Listening to the Benefit

Last week, an Arizona publication noted what too many TBI survivors know: brain injury can make certain sounds intolerable.  Hyperacusis, an extreme sensitivity to sound, is a common effect of a neurological disorder.  “In hyperacusis, the symptoms are ear pain, annoyance, and general intolerance to many sounds that most people are unaffected by.”  Additionally, hyperacusis is often accompanied by “the hearing of sound when no external sound is present,” known as tinnitus.  It has been found that about 20 percent of the population suffers from this debilitating condition and it is the top service-related compensation for the U.S. Department of Veteran Affairs.  Yes, tinnitus may go away for some, but it’s a lifelong condition for others.  (Notable individuals with tinnitus includes President Ronald Reagan.)
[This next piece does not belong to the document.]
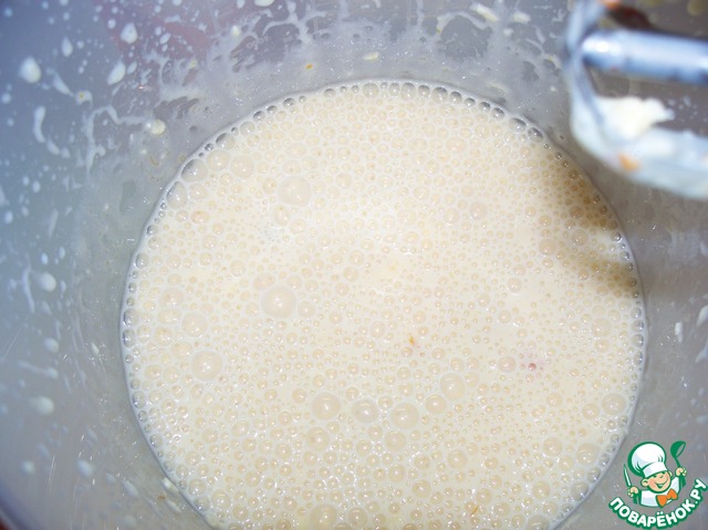 Молоко, йогурт, яйцо, растопленное масло и 5 ст. джема облепихового (Махеев) хорошенько взбиваем.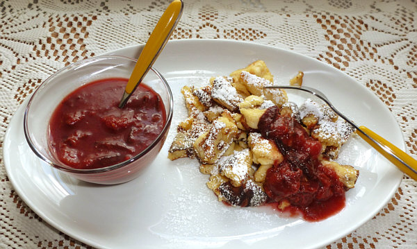 Heißen Kaiserschmarrn mit etwas gekühltem Kompott anrichten,

Given that, it’s a surprise that studies have found that music can actually help the brain heal from an injury.  “If you’re trying to restore neuroplasticity in the brain, to re-establish some of the connections that were there before the injury, music can be a big help,” said a neuroradiologist at Wake Forest Baptist Medical Center regarding a study at the hospital last year.  Multiple sources, though, note that what one listens to must already be a favorite tune or a favorite music genre to have the appropriate effect.  “If you love it, it loves you back. Signs of the musically activated brain included increasing the activity and connections in memory and emotional centers.”  With this in mind, the University of New Mexico has started a Neuro Choir that helps those with brain injuries work on their communication abilities, socialize with other members of the choir and gain the benefits of music therapy.  “One of the theories is that it helps to pull along the words especially if it’s been a highly learned song. Whereas if they were just trying to say the words in a conversation it may not come out,” said Richardson of music’s communications benefit.
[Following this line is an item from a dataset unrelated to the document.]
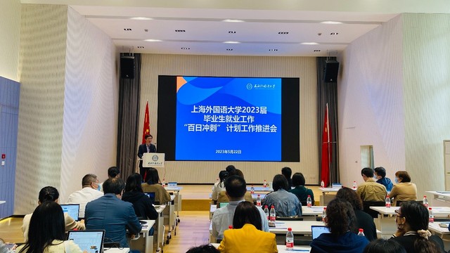 5月22日,上外2023 届毕业生就业创业工作推进会暨2023届高校毕业生就业“百日冲刺”行动部署会在松江校区师生活动中心荟空间召开,上海外国语大学校长李岩松、党委副书记王静出席会议,教务处、研究生院、招生办公室、校友会/基金会、学生工作部(处)、校团委负责人、各院系和研究生培养单位负责人、分管学生工作的党委(党总支) 副书记以及2023届毕业班辅导员共计40余人参加了本次会议。

Music therapy is already an accepted means of treatment for such conditions as autism and PTSD in the military.  Neurologic Music Therapy is still in its earlier stages, though government-based studies note that, “from a neuroscientific perspective, indulging in music is considered as one of the best cognitive exercises.”  (However, it is partially because it is such a cognitive activity that it can be intolerable for those with tbi.)  As doctors learn to better treat veterans and others with hearing problems/ear disorders, by testing such treatments as sleeping with white noise, perhaps the healing benefit of song will have the chance to be experienced by all tbi patients.

(The National Center for Biotechnology Information, part of the National Institute of Health, just posted the results of a study that shows that tbi can cause musical halluciations.  Tinnitus and music hallucinations have the commonality of “hearing” an often intolerable imagined sound, but both stop short of psychosis, as the patients ultimately realize the true source of the “sound”.)

Sit Down and Breathe

The easiest way to heal from a brain injury is simply to replace the injured parts of the brain.  Though this thought may seem both impossible and simply weird, scientists are now learning how to replace, or rather regrow, the brain in the healing of traumatic brain injury.

Specifically, it is well-known that human life depends of the inhalation of oxygen.  Oxygen also helps the body heal, as it is transported through the body in red blood cells.  Leveraging this healing process, hyperbaric oxygen therapy (HBOT) has been developed as a medical treatment in which one is encapsulated in a room or chamber filled with 100% oxygen.  (The air humans typically inhale is only about 20% oxygen.)  Additionally, HBOT has three times more air pressure than is typically experienced.  Increased inhalation of oxygen means that it is not only transported through red blood cells, but also, “into all of the body’s fluids, the plasma, the central nervous system fluids, the lymph, and the bone.”  More oxygen means more opportunities to aid healing, even while appropriate oxygen is still provided to the lungs.

Based on this evidence, it seems that HBOT would be a logical choice for professionals to treat those with certain injuries.  For example, Lake Regional Wound Healing Center in Missouri has been named a Center of Distinction, largely for its work with HBOT.. In New Mexico, a pickleball benefit  was recently held both to honor deceased veterans and to raise funds for Mission 22, an organization that offers HBOT to those with TBI.

More so, the federal government discovered these benefits a few years ago.  In June 2014, for example, the NIH published a study titled Red blood cell transfusion in patients with traumatic brain injury: a systematic review protocol.  In 2016, they published the results of a study titled Hyperbaric oxygen therapy for traumatic brain injury: bench-to-bedside, during which they concluded that, “HBOT has been demonstrated to have neuroprotective effects without increased oxygen toxicity in experimental TBI models when administered at pressures less than 3 ATA [atmospheric pressure].”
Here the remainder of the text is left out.